ASSIGNMENT - Without the pictures, copy all of the data exactly.
[[ EXERCISE DATA, beginning ]]
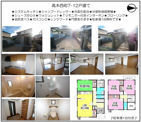 | 閑静な住宅地に建つ戸建ての貸家です。人気の高木小学校・瓦木中学校校区で子育て環境もいいですよ。高木等々お子様の遊び場も安心です。 |
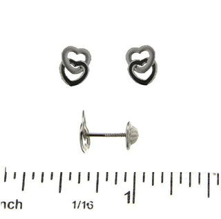 Pendientes de doble corazón con cierre de rosca cubierto de oro blanco macizo de 18K
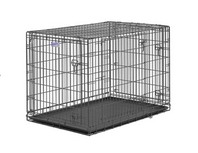 Triple door home training crate for dogs. Allows you to adjust the length of the living area as your puppy grows into its home. Easily sets up and folds down to portable size. No tools required.
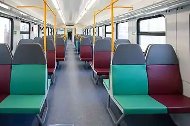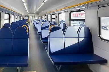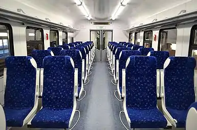 Сиденья в салоне расположены продольно в две линии по бокам от центрального прохода. В варианте экспресса устанавливаются мягкие односторонние кресла с наклонной спинкой, тканевой обивкой и подлокотниками друг за другом: в вагоне 1 класса — по два кресла в каждом ряду, а в вагоне 2 класса — по два в одном и по три в другом ряду. В пригородном варианте в салонах 3 класса устанавливаются двусторонние шестиместные диваны с прямой спинкой по три места с каждой стороны, на которых пассажиры размещаются лицом друг к другу, при этом сиденья в пригородных вагонах могут иметь несколько вариантов исполнения как по форме, так и по цвету (могут быть выполнены как однотонными, так и разноцветными), при этом в одном из вариантов исполнения часть сидений вблизи входа представляют собой четырёхместные диваны увеличенной ширины с более широким проходом с вертикальными поручнями, который может быть использован как накопительная площадка для проезда большего количества стоячих пассажиров (аналогично последним ЭД4М ЦППК)[9]. В головном вагоне за туалетом также могут располагаться откидные сиденья, устанавливаемые поперечно спинкой к стене, либо специальное огороженное VIP-купе, занимающее два окна с четырьмя кожаными креслами повышенной комфортности и переговорным столиком (в вагонах 1 класса)[24][20].
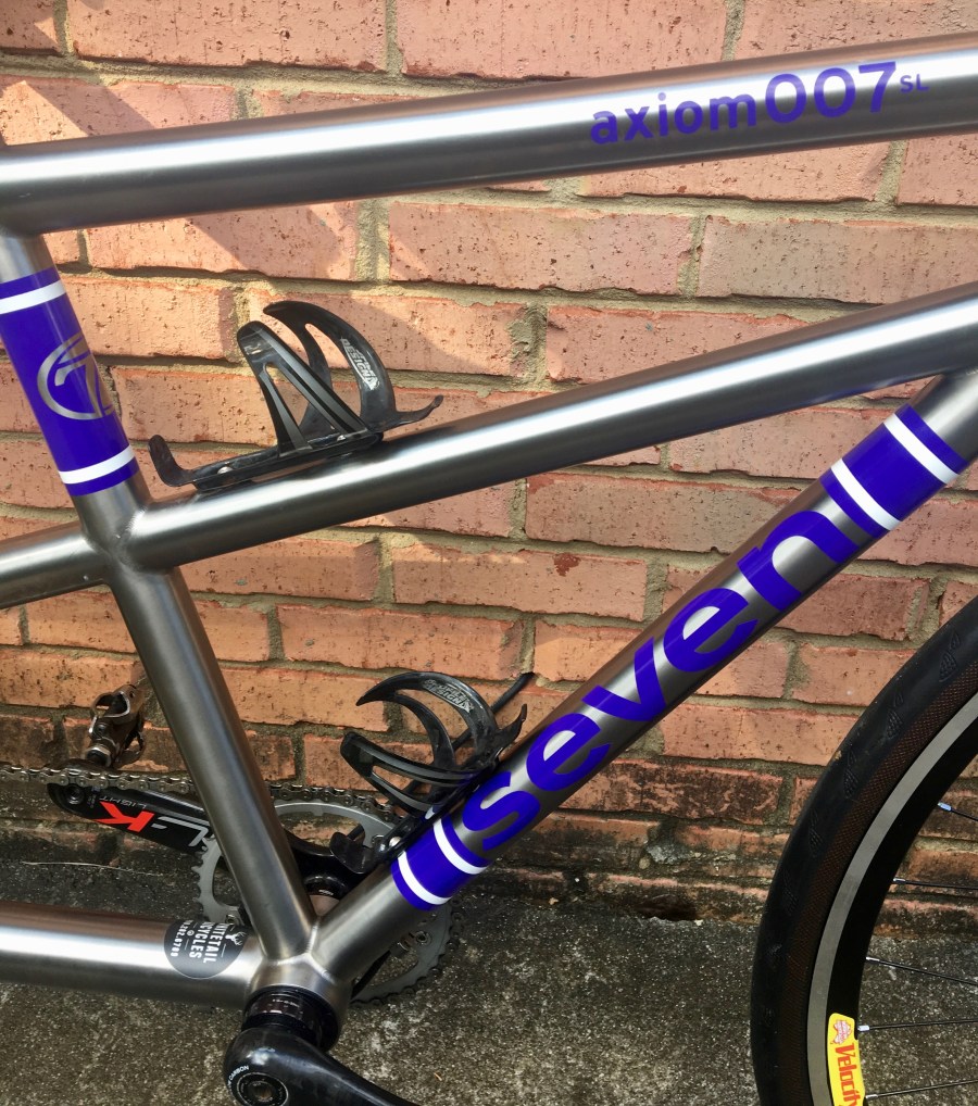 While we were on Coast 2 Coast, the manufacturer of the bike (a leading tandem company in Oregon, who we will not name, but we are pretty sure you can figure out) called and said it could not be saved. We would have to buy a new frame, and they would be happy to sell it to us at “cost”. What about the lifetime guarantee on the frame? Well, that does not cover rust caused by sweat. After some deep thought, we told the leading tandem company in Oregon to “stick it”. What could we buy that is sweat-proof and rust-proof? Carbon? Knowing our luck, we would probably break it. Titanium? Yes, please. Say hello to our new Seven Axiom 007.
[[ EXERCISE DATA, end ]]
RESULT FOR THIS EXERCISE -
 | 閑静な住宅地に建つ戸建ての貸家です。人気の高木小学校・瓦木中学校校区で子育て環境もいいですよ。高木等々お子様の遊び場も安心です。 |
 Pendientes de doble corazón con cierre de rosca cubierto de oro blanco macizo de 18K
 Triple door home training crate for dogs. Allows you to adjust the length of the living area as your puppy grows into its home. Easily sets up and folds down to portable size. No tools required.
 Сиденья в салоне расположены продольно в две линии по бокам от центрального прохода. В варианте экспресса устанавливаются мягкие односторонние кресла с наклонной спинкой, тканевой обивкой и подлокотниками друг за другом: в вагоне 1 класса — по два кресла в каждом ряду, а в вагоне 2 класса — по два в одном и по три в другом ряду. В пригородном варианте в салонах 3 класса устанавливаются двусторонние шестиместные диваны с прямой спинкой по три места с каждой стороны, на которых пассажиры размещаются лицом друг к другу, при этом сиденья в пригородных вагонах могут иметь несколько вариантов исполнения как по форме, так и по цвету (могут быть выполнены как однотонными, так и разноцветными), при этом в одном из вариантов исполнения часть сидений вблизи входа представляют собой четырёхместные диваны увеличенной ширины с более широким проходом с вертикальными поручнями, который может быть использован как накопительная площадка для проезда большего количества стоячих пассажиров (аналогично последним ЭД4М ЦППК)[9]. В головном вагоне за туалетом также могут располагаться откидные сиденья, устанавливаемые поперечно спинкой к стене, либо специальное огороженное VIP-купе, занимающее два окна с четырьмя кожаными креслами повышенной комфортности и переговорным столиком (в вагонах 1 класса)[24][20].
 While we were on Coast 2 Coast, the manufacturer of the bike (a leading tandem company in Oregon, who we will not name, but we are pretty sure you can figure out) called and said it could not be saved. We would have to buy a new frame, and they would be happy to sell it to us at “cost”. What about the lifetime guarantee on the frame? Well, that does not cover rust caused by sweat. After some deep thought, we told the leading tandem company in Oregon to “stick it”. What could we buy that is sweat-proof and rust-proof? Carbon? Knowing our luck, we would probably break it. Titanium? Yes, please. Say hello to our new Seven Axiom 007.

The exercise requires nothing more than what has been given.